Top of DATA FOR THIS TASK

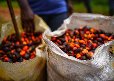 Ses fruits, très riches en huile, grandissent en grappes, aussi appelées « régimes », et poussent à la cime de l’arbre. L’huile de palme est extraite de la pulpe des fruits par simple pression à chaud, sans solvants ni additifs chimiques.
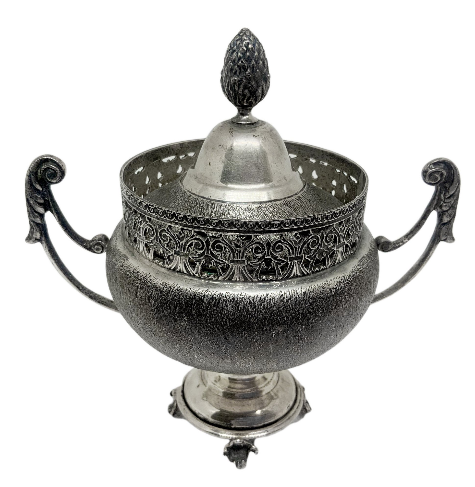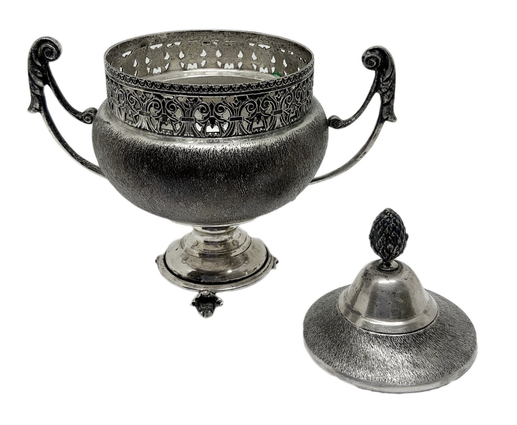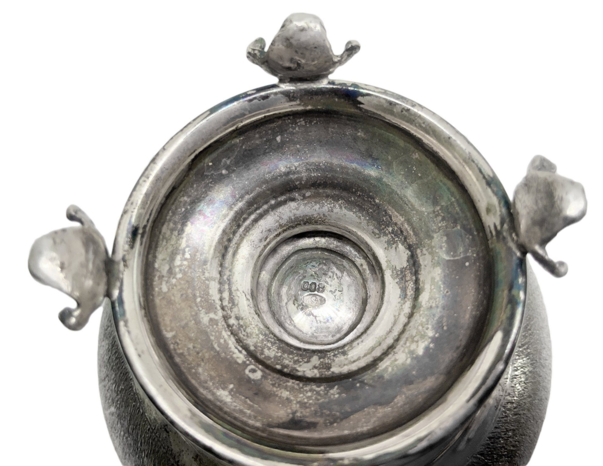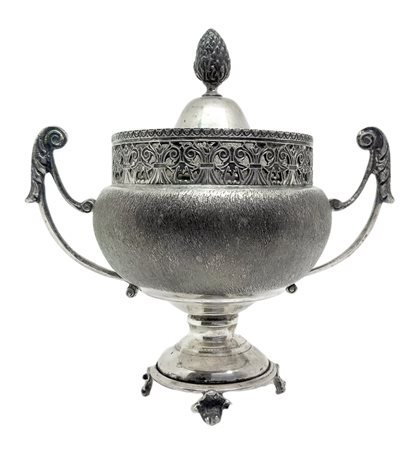 Zuccheriera in argento 800, primi ‘900. H cm 14. Peso gr 200.
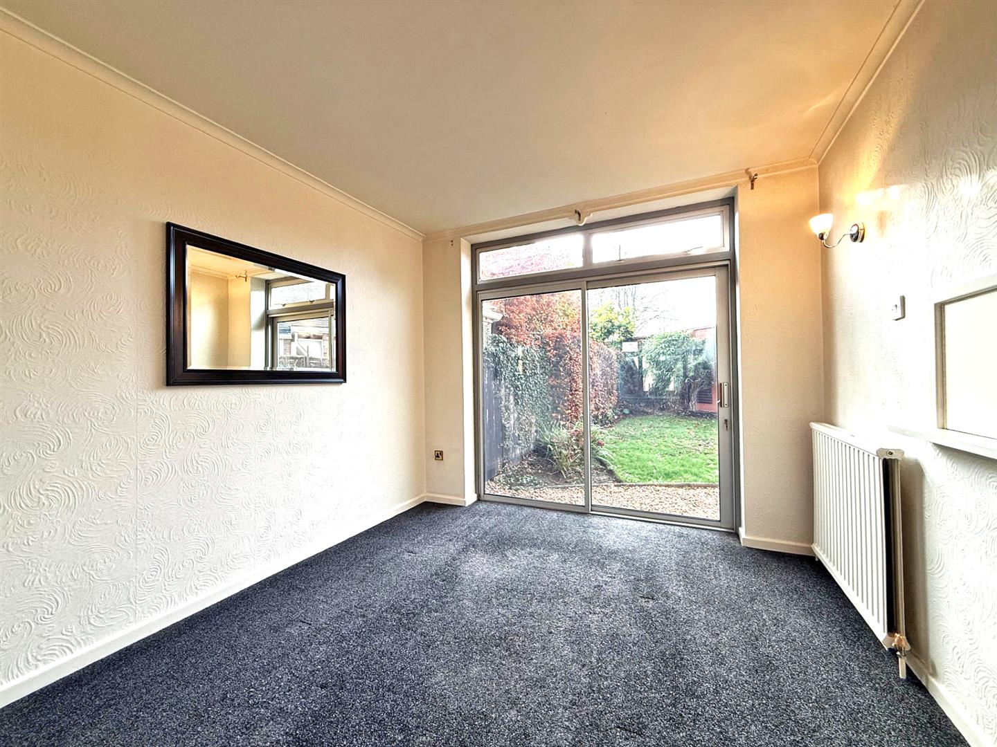 * Open plan living and dining rooms with the living area having a feature fireplace and window to front, whilst there are gazed patio doors from the dining area to the rear garden.
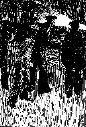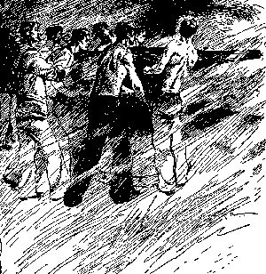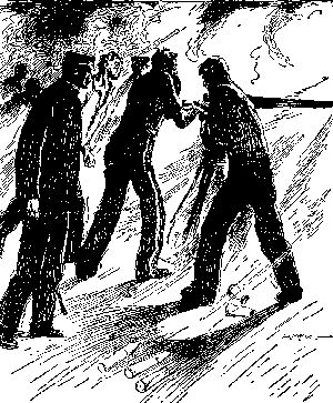 The Irish fireman attempted to wrench himself free, then he struck out at "Hod" with all the force of his right arm. The quarter-back's practice on the field came into play, and the college graduate tackled his opponent in the latest approved style. The struggle was short and decisive, and it resulted in Burke declaring his willingness to return to the ship.
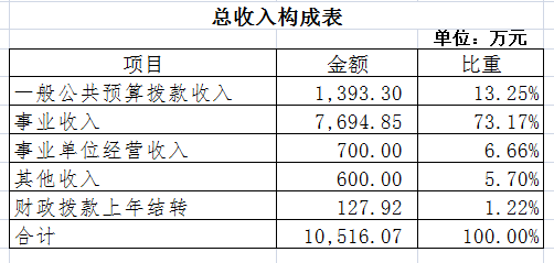 2022年收入預(yù)算10516.07萬元,其中上年結(jié)轉(zhuǎn)127.92萬元,占1.22%;一般公共預(yù)算撥款收入1393.30萬元,占13.25%;事業(yè)收入7694.85萬元,占73.17%;事業(yè)單位經(jīng)營(yíng)收入700萬元,占6.66%;其他收入600萬元,占5.70%。

Bottom of DATA FOR THIS TASK

• [WHAT THE TASK ASKS]
All entries must be written out again exactly as given, with no pictures in the copy.

• [SOLVED EXERCISE]
 Ses fruits, très riches en huile, grandissent en grappes, aussi appelées « régimes », et poussent à la cime de l’arbre. L’huile de palme est extraite de la pulpe des fruits par simple pression à chaud, sans solvants ni additifs chimiques.
 Zuccheriera in argento 800, primi ‘900. H cm 14. Peso gr 200.
 * Open plan living and dining rooms with the living area having a feature fireplace and window to front, whilst there are gazed patio doors from the dining area to the rear garden.
 The Irish fireman attempted to wrench himself free, then he struck out at "Hod" with all the force of his right arm. The quarter-back's practice on the field came into play, and the college graduate tackled his opponent in the latest approved style. The struggle was short and decisive, and it resulted in Burke declaring his willingness to return to the ship.
 2022年收入預(yù)算10516.07萬元,其中上年結(jié)轉(zhuǎn)127.92萬元,占1.22%;一般公共預(yù)算撥款收入1393.30萬元,占13.25%;事業(yè)收入7694.85萬元,占73.17%;事業(yè)單位經(jīng)營(yíng)收入700萬元,占6.66%;其他收入600萬元,占5.70%。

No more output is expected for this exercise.